Single by Hank Williams
- B-side: "I Ain't Got Nothin' but Time"
- Released: 1954
- Recorded: August 4, 1947, Castle Studio, Nashville
- Genre: Country
- Length: 2:35
- Label: MGM Records
- Songwriter(s): Fred Rose
- Producer(s): Fred Rose

Hank Williams singles chronology
| "How Can You Refuse Him Now" (1954) | "I'm Satisfied with You" (1954) | "(I'm Gonna) Sing, Sing, Sing" (1954) |

= I'm Satisfied with You =

Hank Williams song

"I'm Satisfied with You" is a song by Hank Williams. It was written by Fred Rose and recorded in 1947. In 1954, it was posthumously released as a single via MGM Records.

==Background==
In June 1947, the American Federation of Musicians announced a ban on music recording, set to begin in the new year. When Williams and Rose and heard about the ban, they organized a recording session on August 4, with the goal of recording as many songs as possible so Rose would have songs to release during the ban. In that session, Williams recorded "I'm Satisfied With You" along with three other songs.

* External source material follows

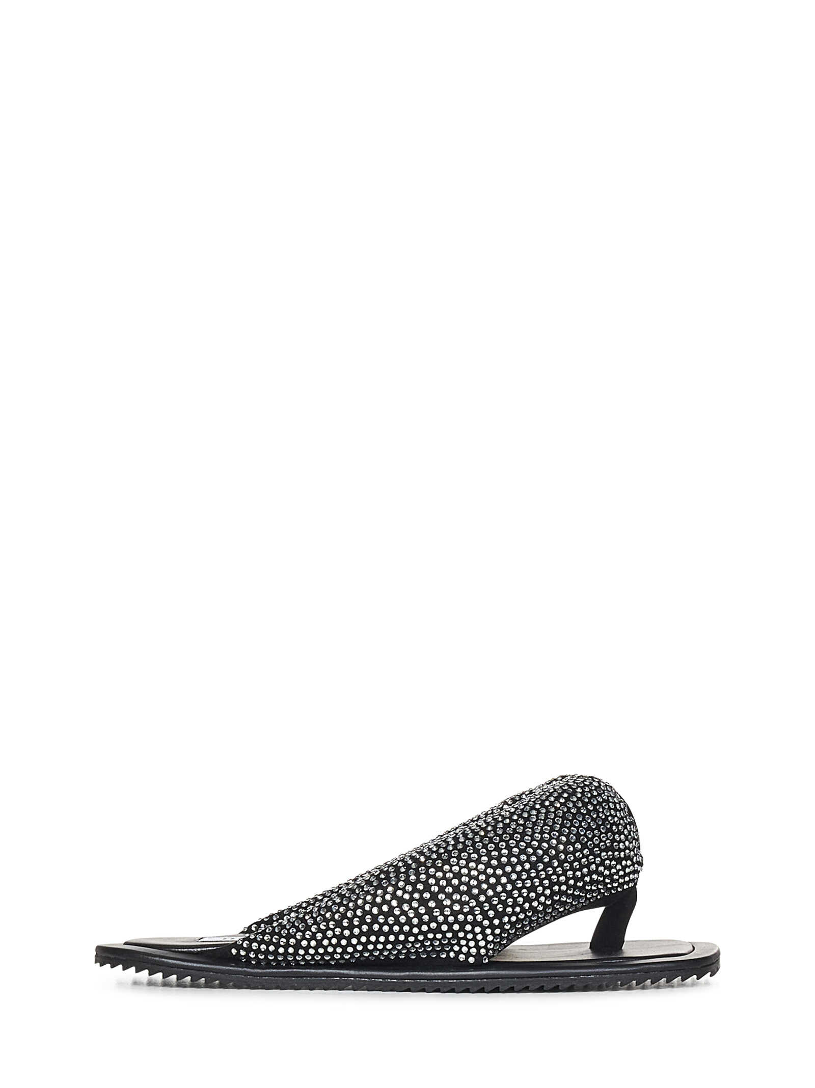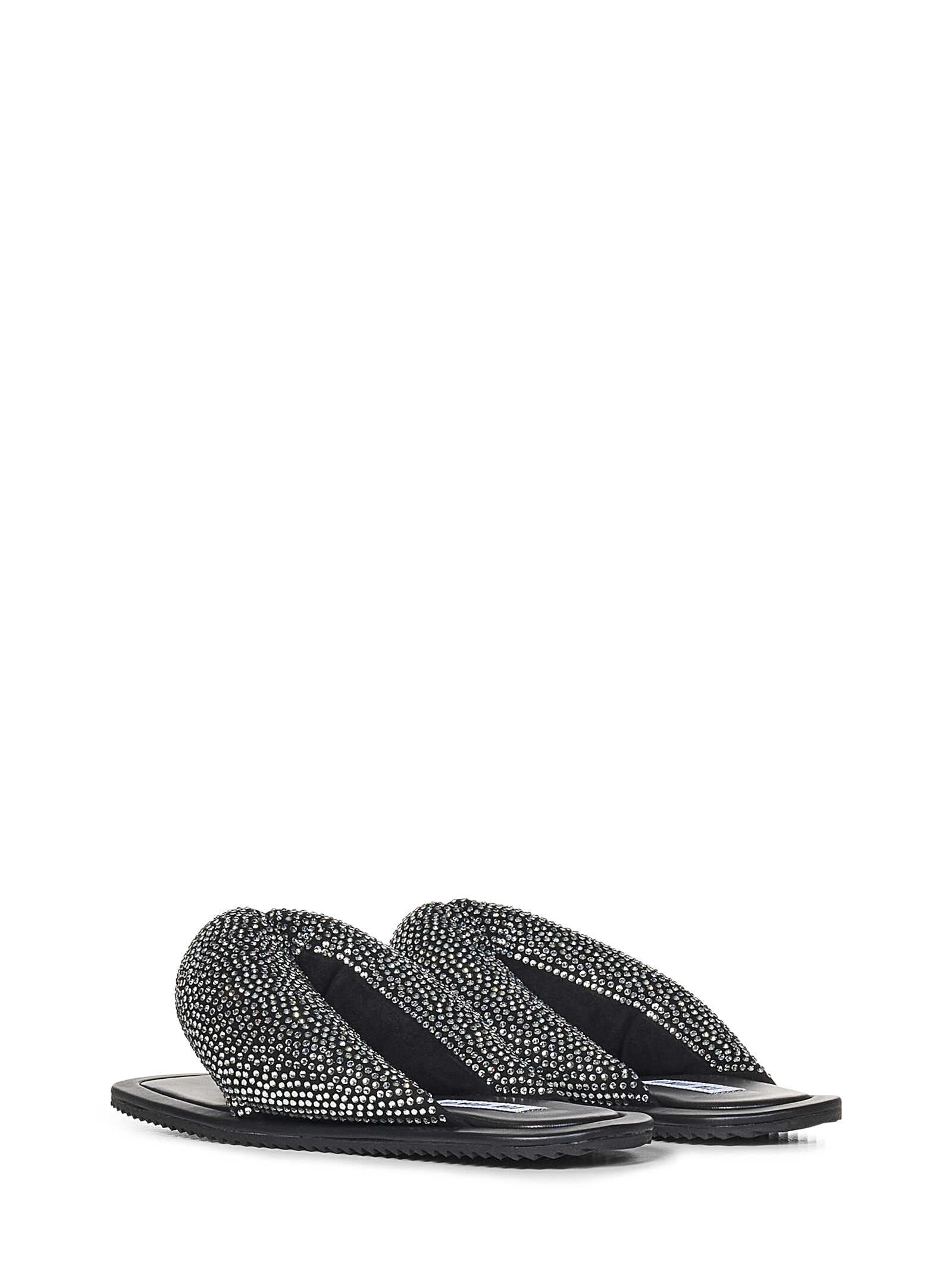 ''Indie Max'' flip-flops in black suede with heat-seal rhinestones on the upper.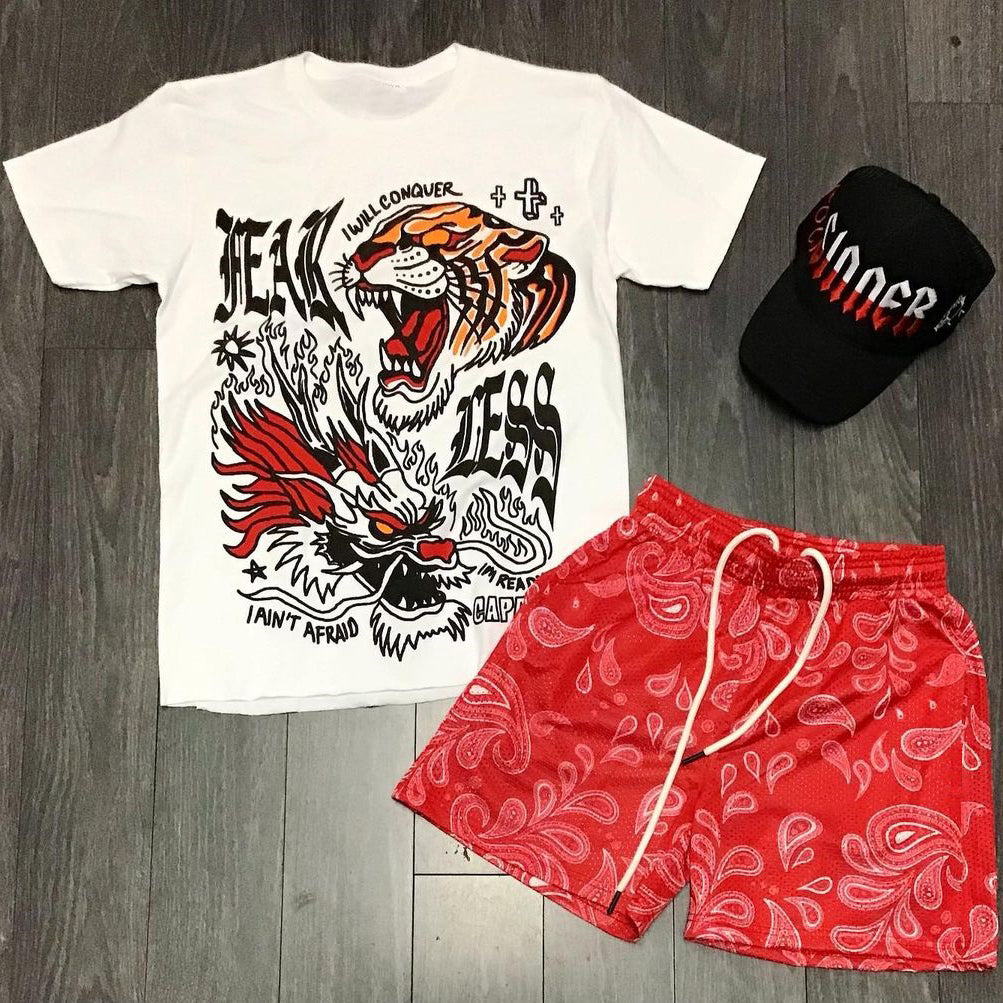 Print T-Shirt Drawstring Shorts Two-Piece Set

In Paul R. Nail 's comprehensive biography of Williams, he wrote that "there is a lack of consensus among researchers" as to the exact lineup of backing musicians used in the recording session (e.g. Susan Masino says Williams was accompanied by Jerry Byrd on steel guitar, but Mark Ribowsky says the steel guitarist was Herman Herron). However, according to James Ausburn, the lineup was probably the same as Rose had used for the previous recording session: Tommy Jackson, Smokey Lohman, Zeke Turner, Louis Innis, and Brownie Reynolds

==Reception==

Billboard gave the single and its B-side a negative review, saying of both tracks "The sound is not too good [...] Hank's fans will want it, altho[sic] it is certainly not up to his best."